There is another side to generics-friendliness. Consider the example of testing a class template. Following the examples above, it makes sense to start by testing (weak) equivalence following initialization and then subsequently performing equality checks of two instances following various operations. However, given this type is templated, it may be that the type with which it is instantiated does not naturally support equality checks. For example, consider std::pair<int, std::function<void ()>. Here, the first member supports equality checking but the second only weak equivalence checking. However, the implementation of value_tester for std::pair supplied by sequoia is such that it supports the following call:

check(with_best_available, "", x, y);

where x and y are both instances of std::pair<int, std::function<void ()>. Static reflection is used to invoke the strongest check for each of the wrapped type.

Expressiveness

The focus of the testing framework's API is on providing useful primitives, such as check_semantics, check_exception_thrown and check. As discussed above, the latter naturally forms overload sets which allows generic testing of class templates, even where the class is heterogeneous and the types with which it is instantiated may support checks of differing strengths. Clients are encouraged to supply each check with a description, which constitutes the second argument. In addition, there is the facility to provide customized advice in the event of particular failures. For example, within the allocation testing framework, it is possible for a negative number of allocations to be reported. This is rather counter-intuitive and, when encountered for the first time, may raise doubts as to the correctness of the framework. This is hopefully ameliorated by leveraging the advice functionality internally, giving typical output:

Obtained : -1
Predicted: 1
Advice   : A negative allocation count generally indicates an allocator propagating when it shouldn't or not propagating when it should.

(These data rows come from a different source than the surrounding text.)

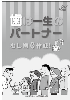
「歯は一生のパートナー」 B5版 20頁 オールカラー 本体 115円 + 税 (送料別)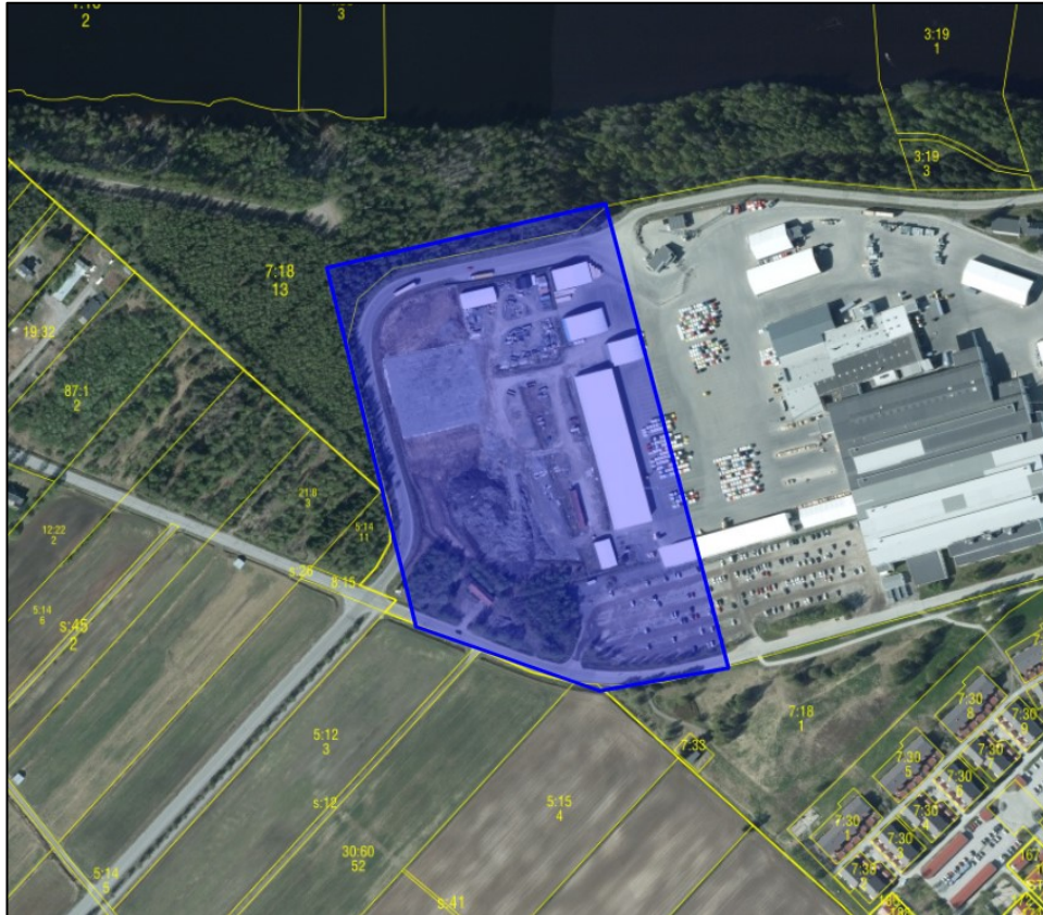
Figur 1. Preliminär avgränsning av planområdet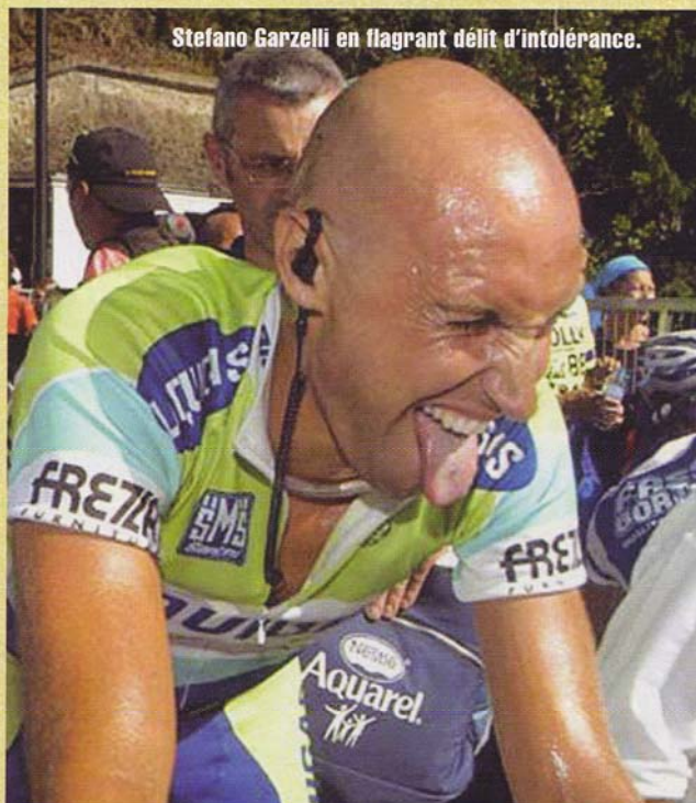
Stefano Garzelli en flagrant délit d'intolérance.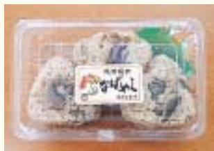
▲「なばめし」（冷凍なばめし） 「なば」は、大分方言で「椎茸」のこと。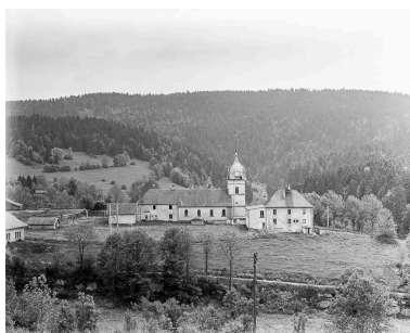
Façade latérale gauche. IVR43_19782500120V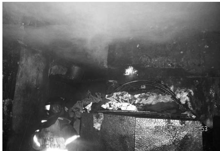
Пожар на ул. Сафонова, 24.

4-95-30, 4-95-32, +7(921)27-210-71. По данным полиции, Игорь ГЛУЦКИЙ.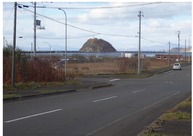
3 室蘭市絵鞆町から大黒島を望む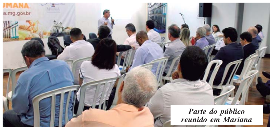
Parte do público reunido em Mariana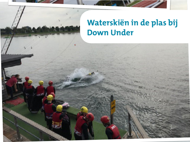
Waterskiën in de plas bij Down Under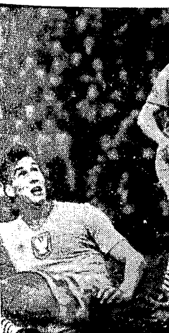
Strach obelżyć obrońców młodzieżowej reprezentacji Polski po jednym z ataków gości...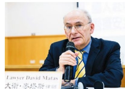
人权律师大卫·麦塔斯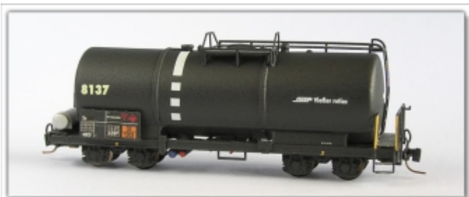
Nm-018.4: RhB Kesselwagen Za 8131 - 8140 Farbgebung anthrazit (fabrikneu)

Lackierung anthrazit Zustand nach Neulackierung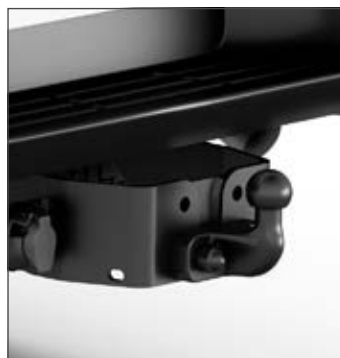
Peremre rögzített vonóhorog Vonóhorog szett 7 pólusú kábellel 268 000 Ft (márkakereskedői szerelés)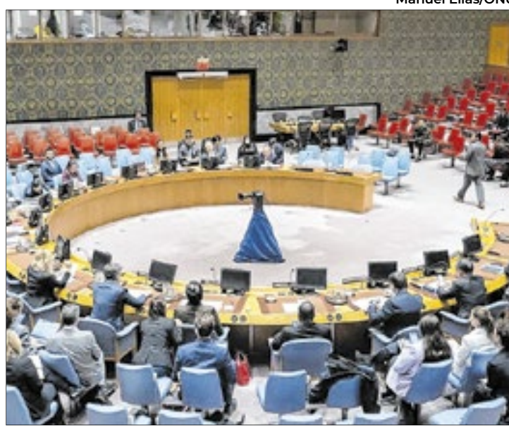
Conselho de Segurança debate a questão na Síria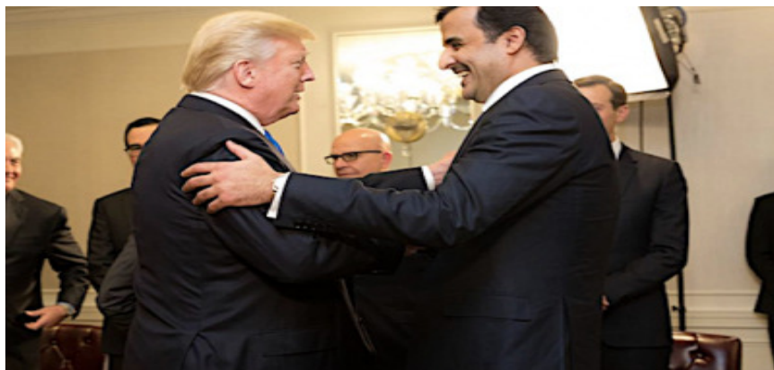
ترمپ و امیر قطر، مجمع عمومی ملل متحد، اکتوبر ۲۰۱۷، عکس کاخ سفید

این یک شکست ژئوپولیتیک مطلق است. پس این چه نوع اتحادی‌ست؟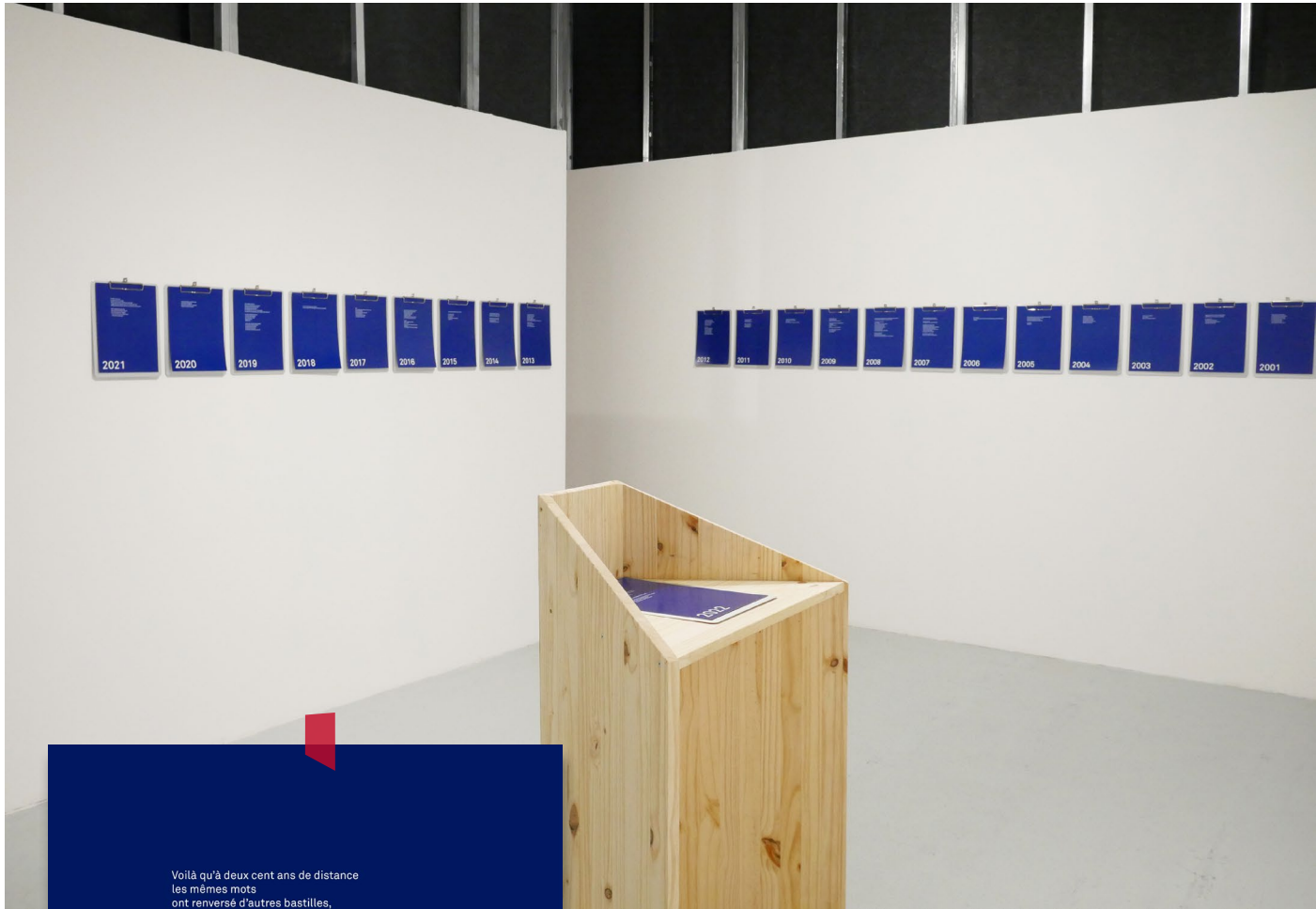
La Relève IV, Château de Servières, Festival parallèle, 2022.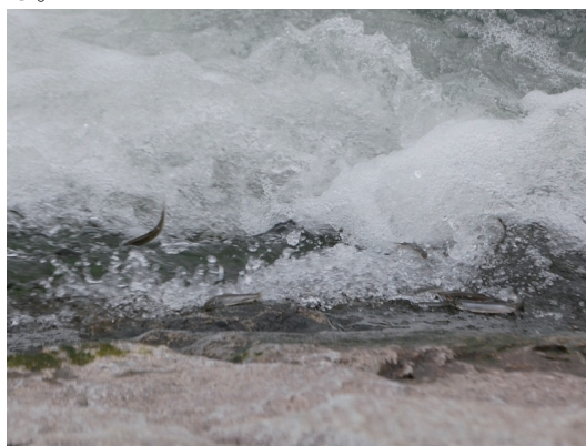
1号堰を飛び跳ねるアユ

当会では、アユの遡上にむけた武庫川の河川環境を見守り、県が主催する「アユが遡上できる武庫川づくり」に参画し、アユをはじめ魚類の挙動・遡上観察を行いながら、遡上を妨げる要因について調査を積み重ねてきた。2015年度は回遊魚であるアユが海から遡上する際の妨げになっていた潮止め堰が遡上時期に転倒していたことから、これまでにない観察結果を得ることができた。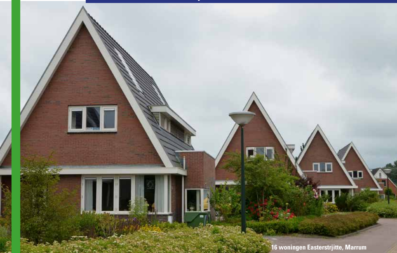
16 woningen Easterstrjitte, Marrum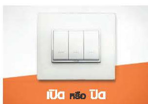
เปิด หรือ ปิด

คิดให้ดี...คุณจะได้เห็น ความสุข บนความพอดี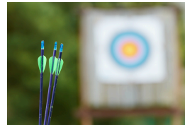
en p en pen een pen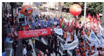
FESSPMESP presente na Capital

No documento, as lideranças exigem mais respeito e afirmam: "Exigimos mais atenção e respeito para com o funcionalismo público, responsável direto pelo bom funcionamento do Brasil".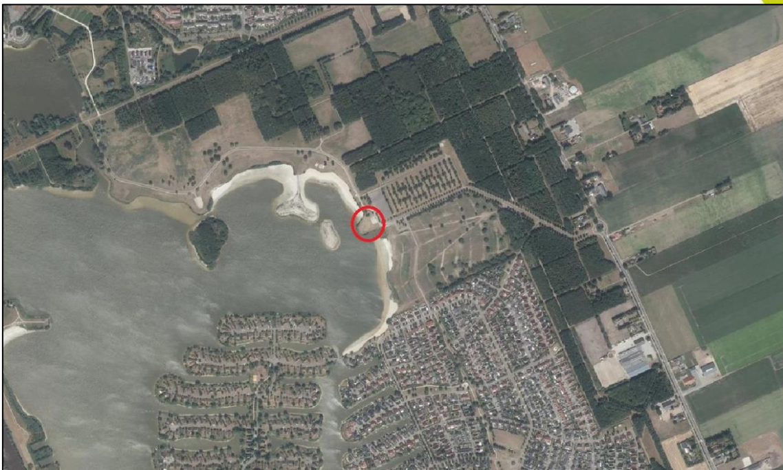
Afbeelding 1. Ligging plangebied (bron: pdok.nl/viewer, d.d. 29-01-2021)

Deze aanvraag is opgesteld voor het bestemmingsplan 'Emmen, Parc Sandur horecavoorziening Grote Rietplas'. Het voornemen bestaat om aan de Grote Rietplas een horecavoorziening van maximaal 500 m 2 te realiseren ten behoeve van dagrecreatie. Deze voorziening moet een kwaliteitsimpuls geven aan de beleving van de recreatieve waarde van de Rietplas.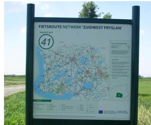
Informationstafel an einem Knotenpunkt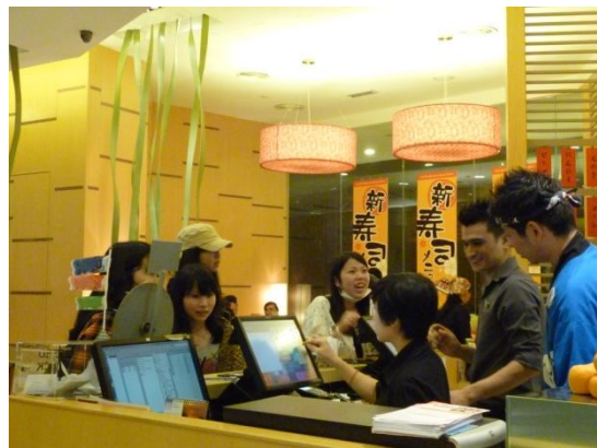
昼食はクアラルンプール市内の繁華街にあるフードコートで食べました。自分で好きな店を選び、自分で注文します。1RM(リンギット)=約30円です。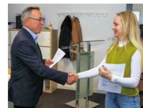
Batinić: Imajte vjere u svoje znanje!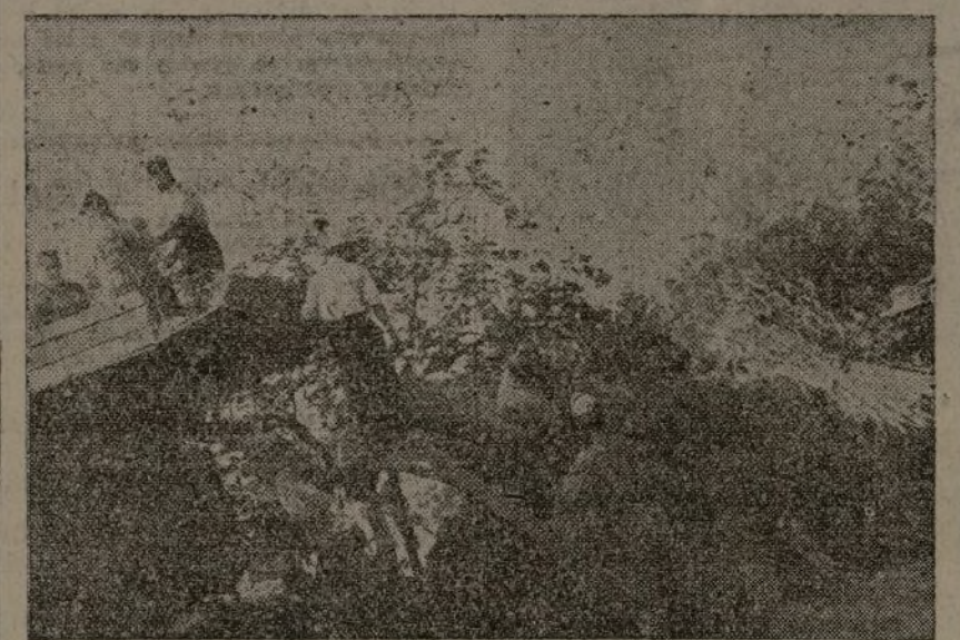
Los soldados laboran en las trilladoras el pan del pueblo

tuvieron para arrostrar las fatigas y el dolor de una evacuación, a través de cientos de kilómetros y con una perspectiva problemática. En el horizonte, desdibujado, había una interrogante; pero sobre la tierra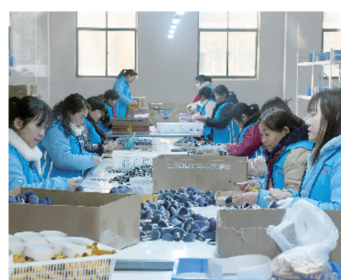
觅己美业科技产业园建设项目。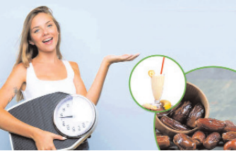
1. मसलस मजबूत बनाए: वजन बढ़ाने के लिए सबसे जरूरी है कि आप मसलस गेन करने वाली चीजों का स्वस्थ तरीके से सेवन करें। ताकि

आपका शरीर सुखी नजर आए। इसके लिए आपको केला और खजूर से बना मिल्कशेक जरूर पीना चाहिए क्योंकि इसमें भरपूर मात्रा में प्रोटीन और कार्ब्स पाए जाते हैं। इसके अलावा इसमें विटामिन और मिनरल्स पाए जाते हैं, जो शरीर को अंदर से मजबूत बनाते हैं। इसे आस सुबह के नाश्ते में ले सकते हैं।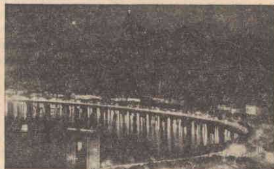
La statue illuminée du Christ-Roi, domine le rade de Rio de Janeiro

Au cours de cette réunion régionale, un plan d'action ibéro-américain de Pax Romana -MIEC a été élaboré. En douze points, ce plan essayait d'ordonner d'une manière plus effective, quoique dans la modestie de tous les débuts, le développement de la communauté de Pax Romana en Amérique Latine. Ses étapes principales étaient: la constitution d'une équipe supra-nationale pour coordonner les activités, l'élaboration d'un fichier des dirigeants, la publication à Assomption (Paraguay) d'un bulletin d'information et le projet de quelques réunions régionales, avec

Clients may provided customized advice by calling many of the check methods with an extra function object bound to an instance of the tutor class template. If operator() is overloaded in such a way that it takes two instances of a type and returns a string, then reflection is utilized to apply this function object whenever the appropriate overload may be invoked. For example, consider the case where a function object is supplied to provide advice for ints, under certain conditions. Suppose this function object is fed to a check performed on a std::vector<int>. In this case, the function object will be propagated internally until it reaches the point where it can be invoked on the ints at the end of the chain.

One frequent challenge with writing unit tests is their linear structure. Again, consider writing a container. Perhaps one of the first things to test is push_back. Next, it may be reasonable to check that erase returns us to where we started. Following this maybe invoke push_back twice. Should we test erase again? And if so back to one element or zero elements, or should we do both? Part of the issue is that the more is done, the more unwieldy the unit test becomes. To alleviate this, sequoia provides a graph-based testing solution defined in StateTransitionUtilities.hpp. The idea is that nodes corresponds to states of the type under test. Directed edges define transitions between nodes. When invoked, a breadth-first search is performed, invoking specified checks at each node and determining whether the transition from the previous state matches the expected state specified by the latest node. An example may be found in RegularStateTransitionDiagnostics.cpp.